> Data provided:
--- START ---
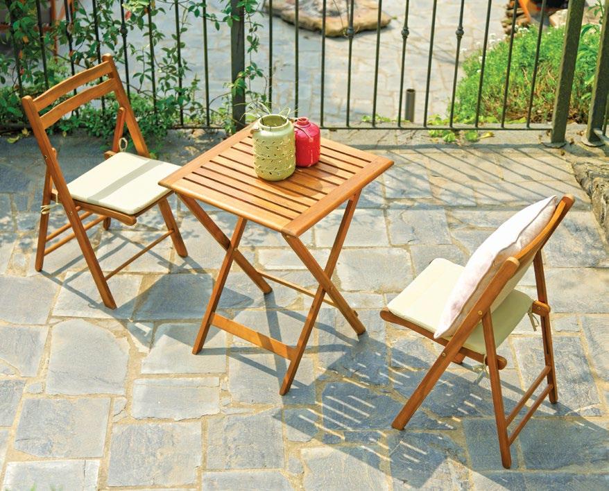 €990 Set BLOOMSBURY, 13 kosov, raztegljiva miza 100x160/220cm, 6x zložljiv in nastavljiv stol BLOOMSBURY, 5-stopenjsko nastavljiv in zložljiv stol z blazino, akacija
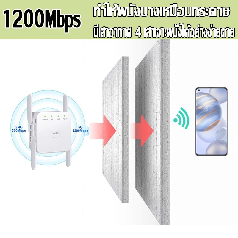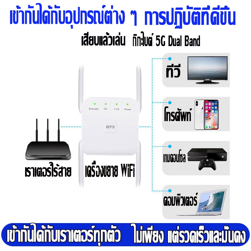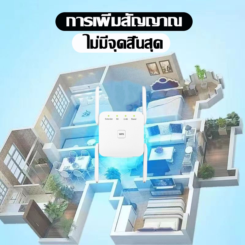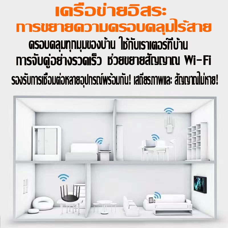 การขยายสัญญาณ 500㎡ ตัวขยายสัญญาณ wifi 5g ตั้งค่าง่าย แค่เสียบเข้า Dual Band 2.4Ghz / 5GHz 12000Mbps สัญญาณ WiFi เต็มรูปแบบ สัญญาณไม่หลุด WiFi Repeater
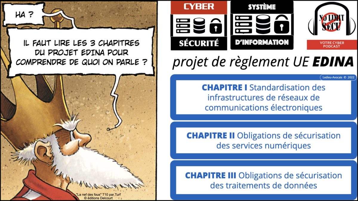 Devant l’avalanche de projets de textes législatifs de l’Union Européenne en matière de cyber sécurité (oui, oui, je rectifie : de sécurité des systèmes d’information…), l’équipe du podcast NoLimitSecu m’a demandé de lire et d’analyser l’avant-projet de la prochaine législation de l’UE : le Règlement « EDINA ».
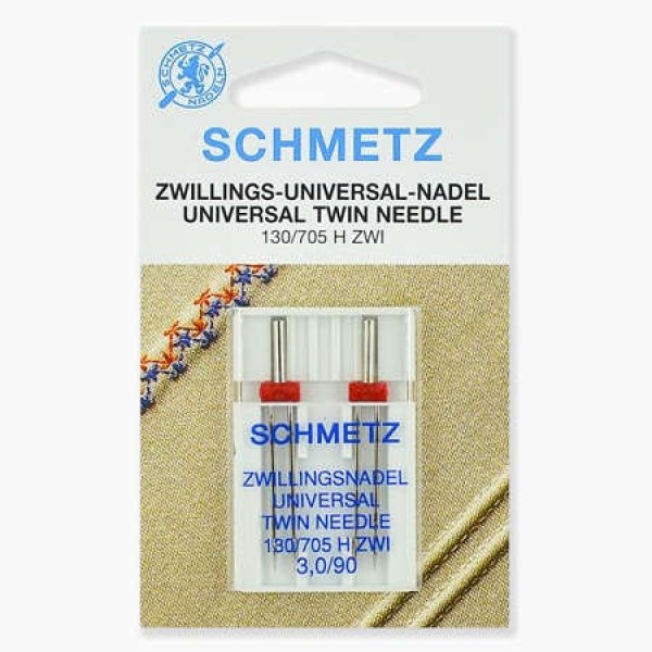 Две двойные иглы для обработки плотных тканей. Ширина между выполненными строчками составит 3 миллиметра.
--- END ---
> Exercise:
Beginning at the first line of the listing, print each line exactly until and including the one that has "การขยายสัญญาณ 500㎡ ตัวขยายสัญญาณ"; skip pictures.

> The answer:
 €990 Set BLOOMSBURY, 13 kosov, raztegljiva miza 100x160/220cm, 6x zložljiv in nastavljiv stol BLOOMSBURY, 5-stopenjsko nastavljiv in zložljiv stol z blazino, akacija
 การขยายสัญญาณ 500㎡ ตัวขยายสัญญาณ wifi 5g ตั้งค่าง่าย แค่เสียบเข้า Dual Band 2.4Ghz / 5GHz 12000Mbps สัญญาณ WiFi เต็มรูปแบบ สัญญาณไม่หลุด WiFi Repeater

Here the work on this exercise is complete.